December 21, 2024

No strategic model is a perfect representation of war, but some … offer valuable insights that justify their costs.

What good is a “model” of strategy when every model possible is so clearly and manifestly wrong? War is among the most complex of human endeavors. In such a context, what use are the necessary simplifications of models? Perhaps strategists should acknowledge and deal with complexity more directly, thinking creatively about the problem at hand, and avoid using models that are necessarily wrong.

Then again, the statistician George Box famously observed, “All models are wrong; some models are useful.” No strategic model is a perfect representation of war, but some, especially those that provide frameworks for systematic thinking or that create powerful and sticky images for communication, offer valuable insights that justify their costs.

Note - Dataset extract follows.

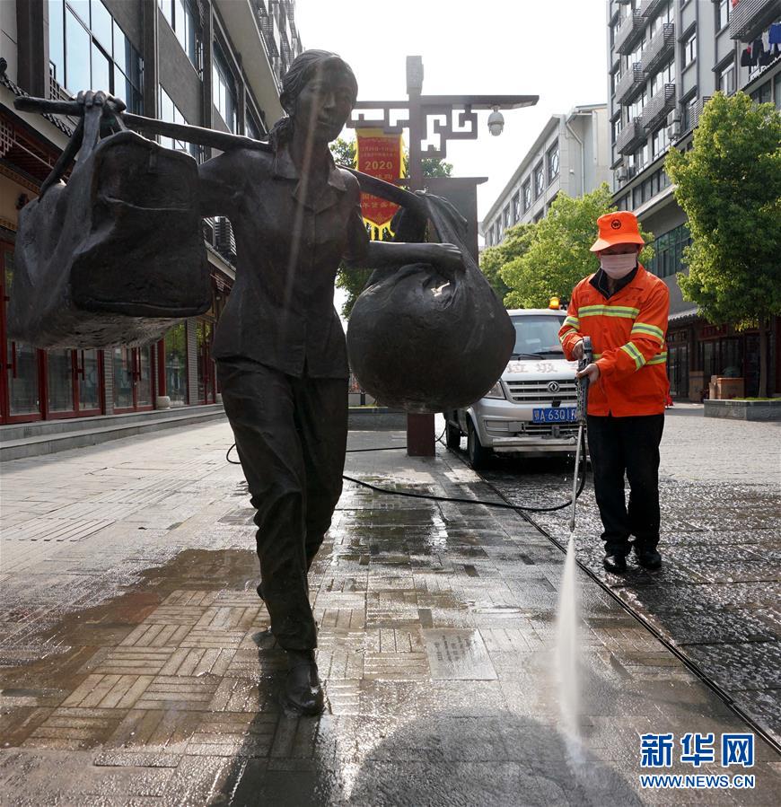 4月6日,环卫工人在武汉汉正街清洗路面。 近日,武汉汉正街市场管委会组织各方力量积极筹备复工复产。 新华社记者 王毓国 摄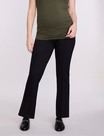 These full-length maternity pants are crafted from soft ponte fabric with a Secret Fit Over the Belly panel that stretches for support and comfort throughout pregnancy. Designed with a classic bootcut leg, they offer a polished look that easily transitions from work to everyday wear.

Which models and metaphors are the most powerful? And what are the consequences of using one model over another? These questions are the basis of a long-running argument about how to think, write, and talk about strategy.

Major M.L. Cavanaugh’s recent essay on Modern War Institute, “It’s Time to End the Tyranny of Ends, Ways, and Means,” which roundly criticizes a model that the U.S. Army War College uses to discuss strategy, is but one iteration of this discussion. Cavanaugh disparages the venerable “ends-ways-means” strategic model (the author calls it the “Lykke model”), arguing that it has been misused and abused too much to be salvaged, and should therefore be discarded. Although Cavanaugh identifies legitimate flaws in this model, he asks it to do too much.

Metaphors and models, even flawed ones, are central to thinking about strategy and to teaching it. At their best, models and metaphors serve both to order and disorder our thinking. Given the task to educate future strategic leaders, war colleges face a substantial challenge. But thin caricatures of the U.S. Army War College’s current approach to teaching strategy do little to solve the alleged problem. Strategists must become comfortable with multiple metaphors and moving between different rhetorical and cognitive contexts. They must learn to control metaphors and harness the power of language and imagery, while avoiding being held captive by the same. The war colleges are well-situated to help strategists make those mental moves.

War, Strategy, and Metaphor

Language shapes our thinking. Analogies and metaphors are particularly powerful in this process, perhaps even forming the core of cognitive function. George Lakoff and Mark Johnson explain that “our concepts structure what we perceive, how we get around in the world, and how we relate to other people,” that our conceptual system is“fundamentally metaphorical” and that “the essence of metaphor is understanding and experiencing one kind of thing in terms of another.”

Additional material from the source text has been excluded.